Kota and Miles stepped back at the same time and the vampire shook his hand while Kota fumbled with the doorknob. He opened the door only for Miles to shut it before he could escape.
“Stick around, won’t you?” he said and shook the hand not holding the door closed again. “Geez, I didn’t expect it to be hot like that.”
“That thing on your face, it felt like it was on fire,” Miles said. He blew on his hand and shrugged. “Stop pulling on the handle like that, you’ll break the door before you get it open.”
Kota released the door handle and stepped away from the door. His eyes flickered toward the window.
“Really? We’re on the second floor, man.”
“How did you know about this?” Kota asked, pointing at his mark. “And about…”
“The turning into a wolf thing? Easy, I saw you.” In response to Kota’s surprise, he shrugged and said, “I was in the deep woods today, doing what little traveling I can during the day when a wolf runs by with three men on its tail. I followed, just to see what would happen, but the others gave up before the big reveal. What did you do to them?”
Kota hesitated and then explained about his little field trip to the farm. Miles listened, the corner of his mouth twitching into a smile when he heard about the cow and then again with the shotgun.
“So, does your girlfriend know about the wolf?” Miles asked once Kota finished.
“She’s not my girlfriend,” Kota said.
“Oh, that’s good. You’re not really her type, you know.”

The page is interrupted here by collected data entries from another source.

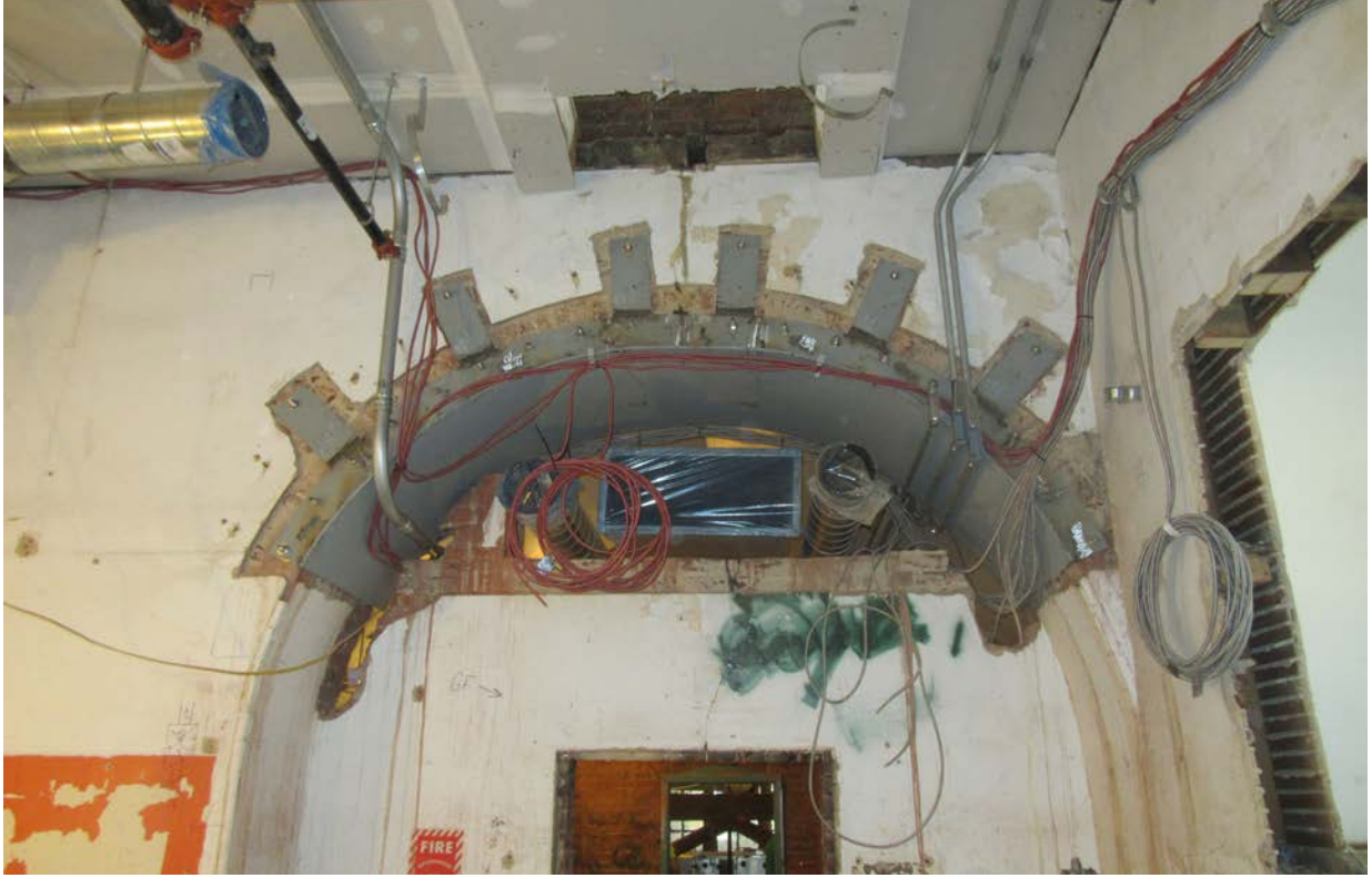
Opening created in 32"-thick masonry wall with new lintel.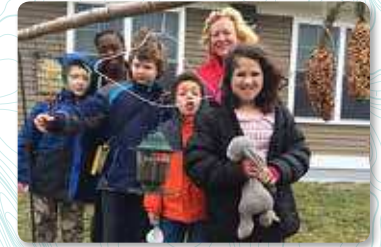
Science Fair: 4/15/16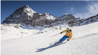
Jungfrau Ski Region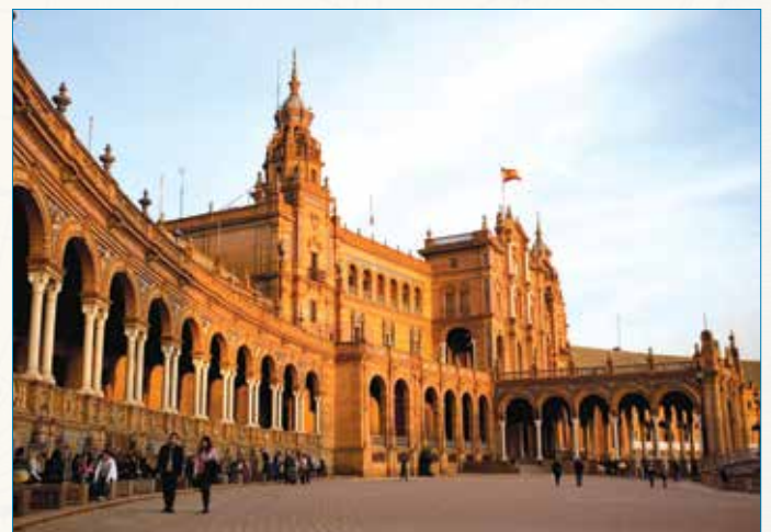
Seville's Plaza de España, built for the 1929 Ibero-American Exposition, is a masterpiece of Renaissance Revival and Neo-Mudéjar architectural styles.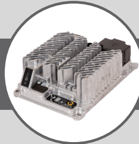
Battery Chargers: On-board & Standalone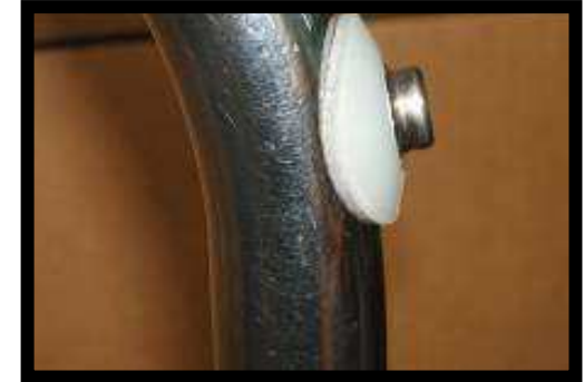
Flexible base perfect for curved surfaces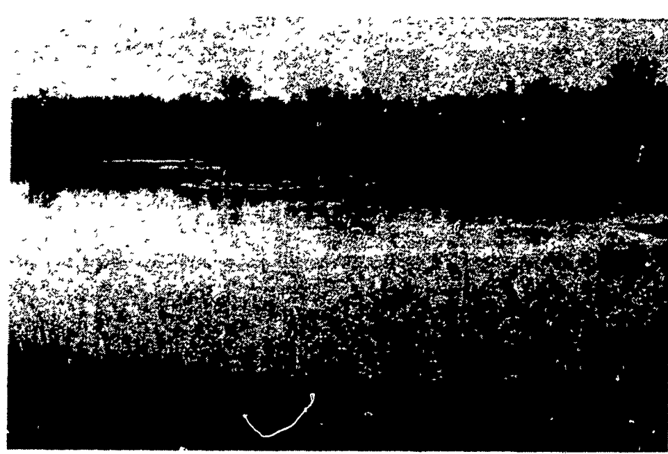
1170 Sow Farrow thru Finish Lagoon with Lissco Aeration

Kota decided not to ask. “I arrived around a week ago, looking for Master Sollis. Erin offered me a job here when that didn’t work out.”

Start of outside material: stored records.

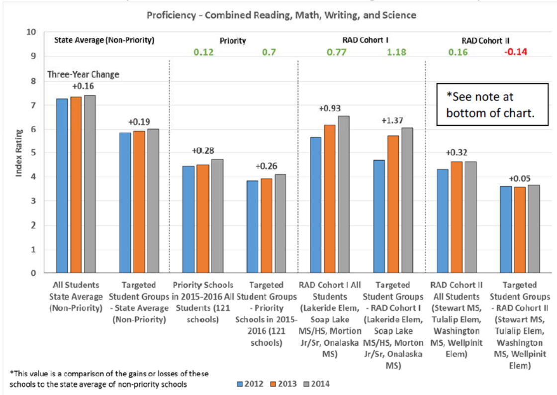
Figure 2: Performance of Priority Schools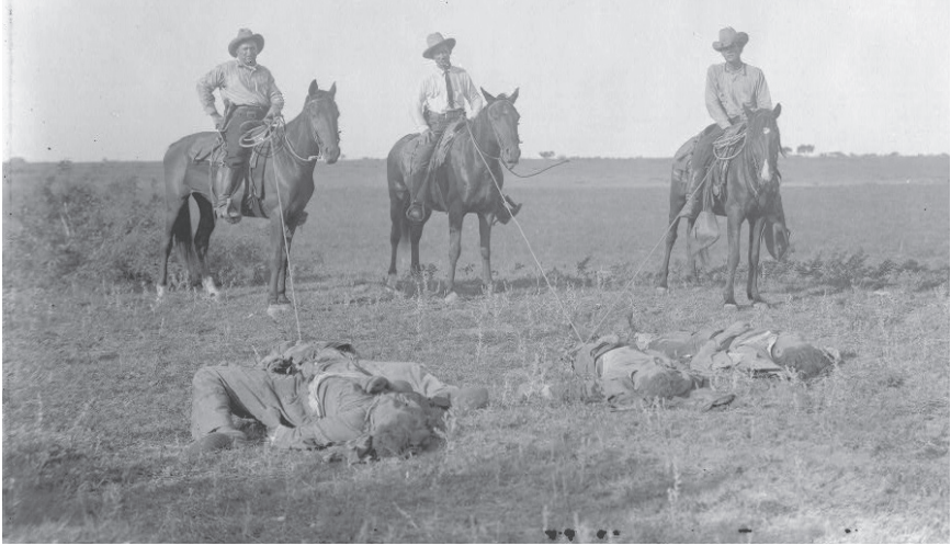
FIGURE 8.1. Texas Rangers with dead bandits, October 8, 1915. The famed Texas Rangers straddled more than the US-Mexico border. They also patrolled borders of race and ethnicity, protecting Anglo-American values from challenges by Hispanics, Indians, and African Americans. At no point did the challenge become greater than in the years of the Mexican Revolution, when the border became a very violent place. Their legacy as either gallant and fearless heroes or the tools of white supremacy continues to be contested today.

therefore turned to violence to solve the challenges posed by the presence of Indians and Tejanos in the republic/state.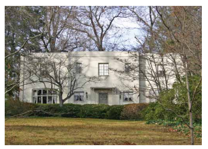
1079 Scenic Drive

Neoeclectic with Tudor influence. (1948). One story frame with brick veneer wall covering. Side gable roof with shed and gabled dormers on facade and composite

“Thank you for not answering my question there.” Miles leaned against the door and crossed his arms. “Will you at least tell me why you were looking for Sollis?”
Kota considered it for a moment and then said, “A witch told me the innkeeper held the key to breaking my curse.”
“Not up on current events though, was she? And the curse?”
Miles drummed on the wood behind him with his fingers while he waited, and continued to do so even when it became apparent Kota wasn’t going to answer.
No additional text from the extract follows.